In the Global Compact for Migration, “migrant” is not defined explicitly. In the document, “migrant” often seems to refer to someone who has crossed an international border, but sometimes it looks like it refers to someone who is not a citizen of the country where they live.

That these two concepts are not interchangeable can be seen most dramatically in the case of the at least 15m people in the world who have citizenship of no country at all, including the country where they live. Many of these people will have never crossed an international border.

There are also cases where citizens are identified as “illegal immigrants” in their countries of citizenship until they can prove otherwise. Australia’s most famous case is that of Vivian Alvarez Solon, an Australian citizen who was detained and deported to the Philippines in 2001 without her family’s knowledge. She returned in 2005 and was awarded compensation.
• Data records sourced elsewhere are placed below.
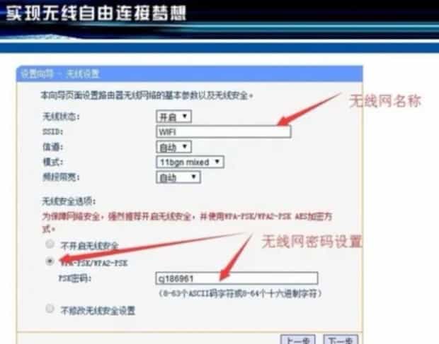 点击下一步,设置无线网名称SSID和密码,一般采用WPA2-PSK加密,选择完成,就成功建立了WiFi网络。
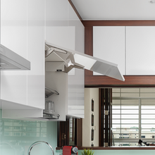 The AVENTOS HK top stay lift blends discreetly into tall units and wall cabinets. It can be used for cabinet heights of 205 to 600 mm and cabinet widths of up to 1800 mm. Though very small in size, even large and heavy fronts open and close with ultimate ease.
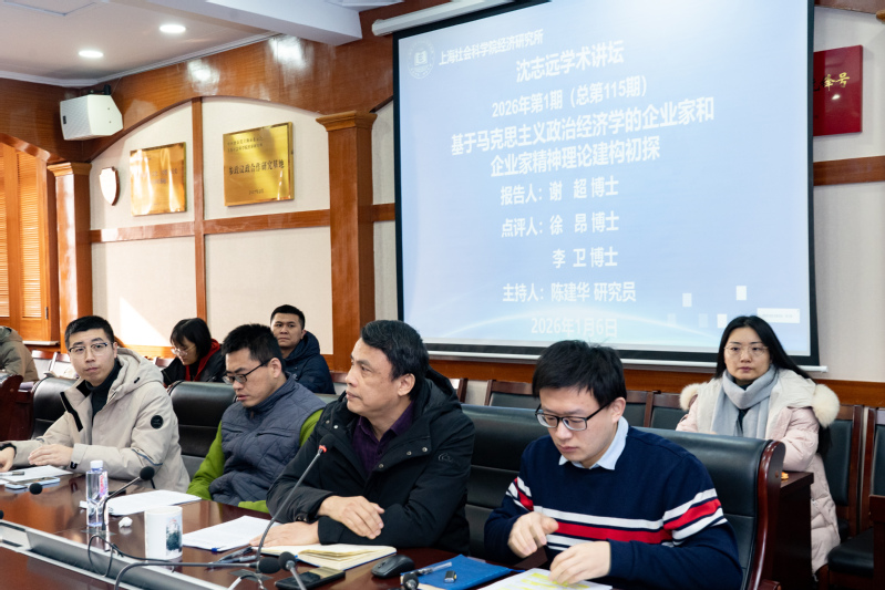 2026年1月6日上午,上海社会科学院经济研究所《沈志远学术讲坛》2026年第1期(总第115期),由谢超博士作题为“基于马克思主义政治经济学的企业家和企业家精神理论建构初探”的学术报告。本次报告由陈建华研究员主持,徐昂博士和李卫博士担任评论人。
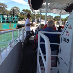 まずは、島までフェリーに乗って行きます。行きのフェリーでは、スワンリバーから見える観光名所の説明をガイドさんがしていました。座席は早い者勝ちなので、早めに乗船していい眺めの座席を選ぶことをお勧めします。フェリー内にはバーの設備もあり、飲食が可能でした。ツアー内容ではモーニングティー・アフタヌーンティーのサービスがあるとの事でしたが、その説明はなく結局受けられませんでした。(説明を聞き逃していたのかもしれませんが…分かりにくかったです。)川から海に出ると、船が結構揺れるので、酔いやすい方は酔い止めを服用した方がいいと思います。
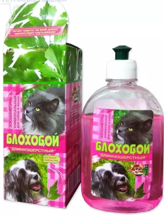 Блохобій "Довгошерстий" - інсектицидний шампунь проти бліх, кліщів у собак і кішок. Знімає подразнення шкіри, спричинене присутністю ектопаразитів. Завдяки добавкам речовин, що зволожують шкіру, придатний для частого застосування. Надає вовни м'якість та здоровий блиск.
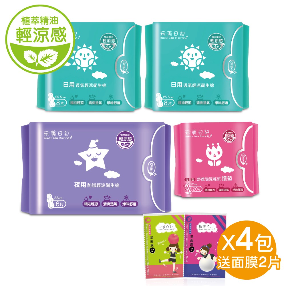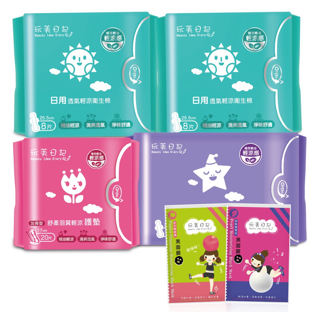 玩美日記 透氣輕涼衛生棉 4 包(護墊/日用/夜用)(加送黑布面膜2片)
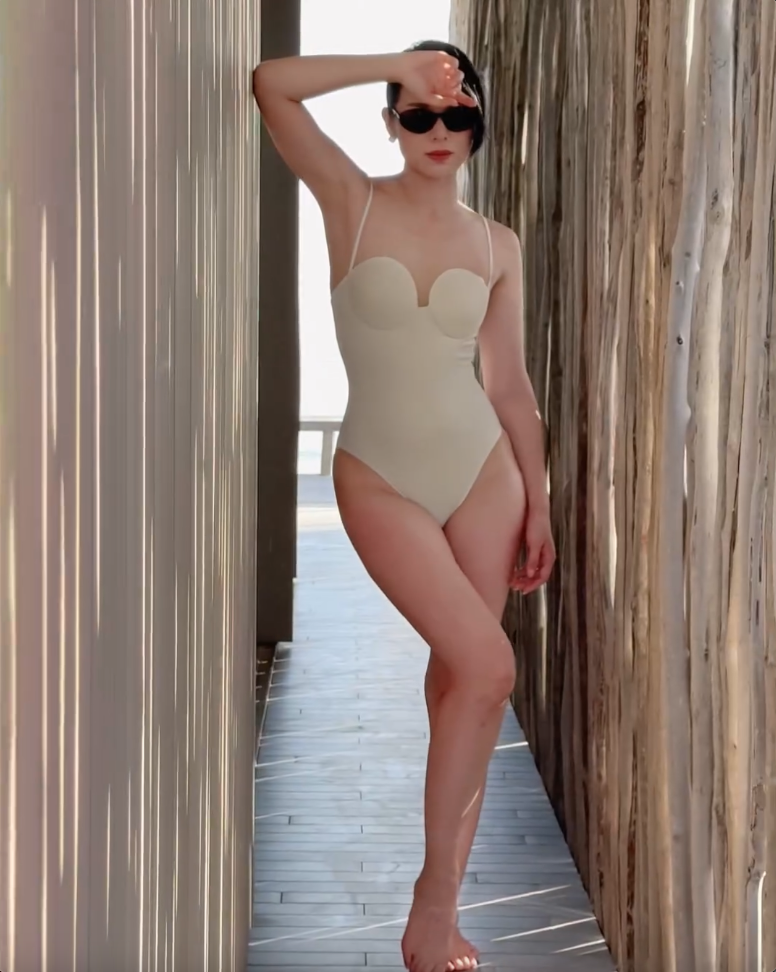 現年45歲的胡杏兒1999年奪得港姐季軍出道,一直以來,杏兒的身材都非常苗條,只有在2006年出演《肥田囍事》時,試過為了角色而增肥40磅。不過在拍攝完畢之後,杏兒便用最快的速度回復昔日好身材,她曾經在節目中透露減肥方法,表示減肥餐單跟增肥時的截然不同,在減肥過程中她只吃雞蛋、蔬菜及水果,每日堅持做30分鐘帶氧運動,達至消脂效果。如今杏兒已經是三個小朋友的媽媽,不過仍然擁有健康纖瘦的身材!今日(22日),她發布了一輯海邊泳衣相,罕曬比堅尼造型,大騷美好身段,令網民看到心心眼。
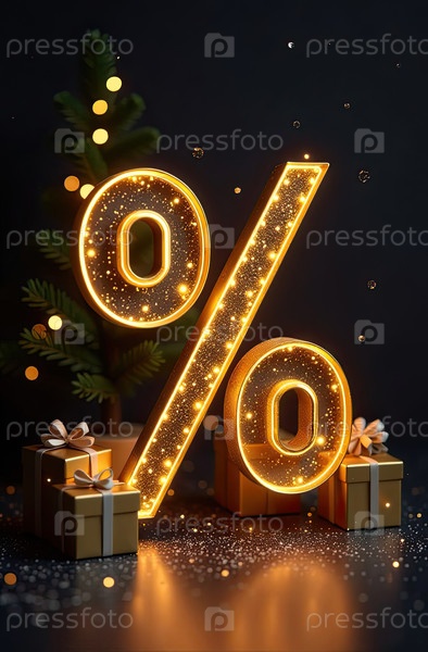 Неон светящийся золотой процентный знак на рождественском фоне с елкой, блесками и коробками для подарков. витрина магазина в Черную пятницу, Новый год, Рождественская распродажа, скидки. баннер, флаер. ИИ генерируется
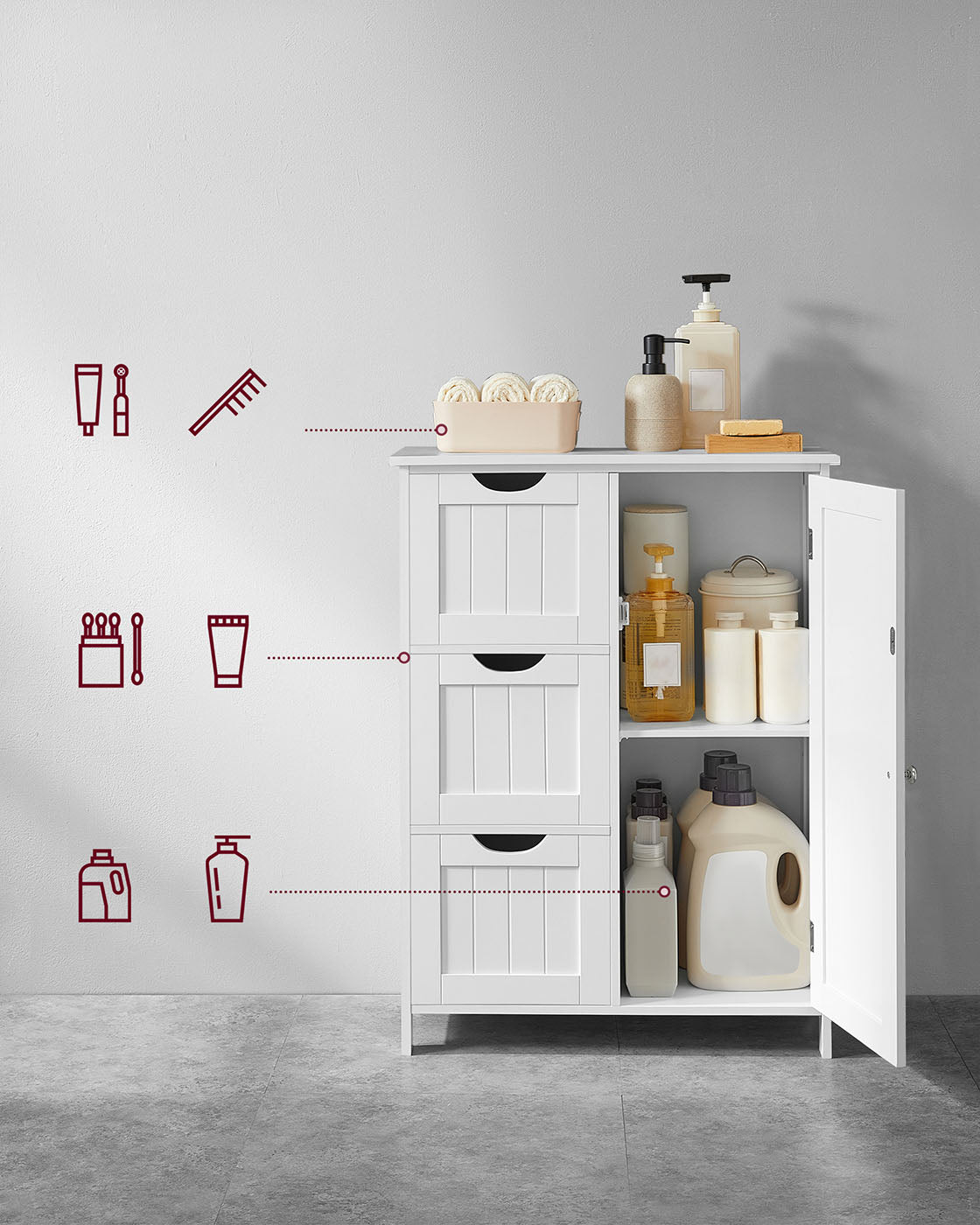Meuble de salle de bain meuble de rangement meuble avec 3 tiroirs et 1 placard planche réglable en hauteur 60 x 30 x 81 cm blanc 12_0006482

There are also reports of more recent wrongful immigration detentions of Australian citizens.

In April 2018, the LA Times also revealed that at least 1,480 US citizens had been held in US immigration detention since 2012.

In the UK, in the wake of the “Windrush scandal”, it was revealed that people who had lived in the country in some cases for over half a century were subject to migration control and even deportation. This includes those who entered the country as citizens or who had become citizens.

Since the UK’s 2016 referendum to leave the European Union, citizens of other EU countries who entered the country as part of their free movement rights, and UK citizens in other EU countries, now fear their status in the countries where they live is being redefined without any action on their part.

While the UK expressed support for the Global Compact for Migration at an international summit in Marrakesh on December 10, the US and Australia did not. The compact is non-binding and offers a statement of internationally negotiated commitments arising from existing human rights treaties. It states that: “Within their sovereign jurisdiction, states may distinguish between regular and irregular migration status.” But this is not the same as deciding who is an immigrant in the first place. The compact doesn’t introduce any “right to migrate” but it also doesn’t remove the need for migration policies that respect existing human rights and are fairly applied.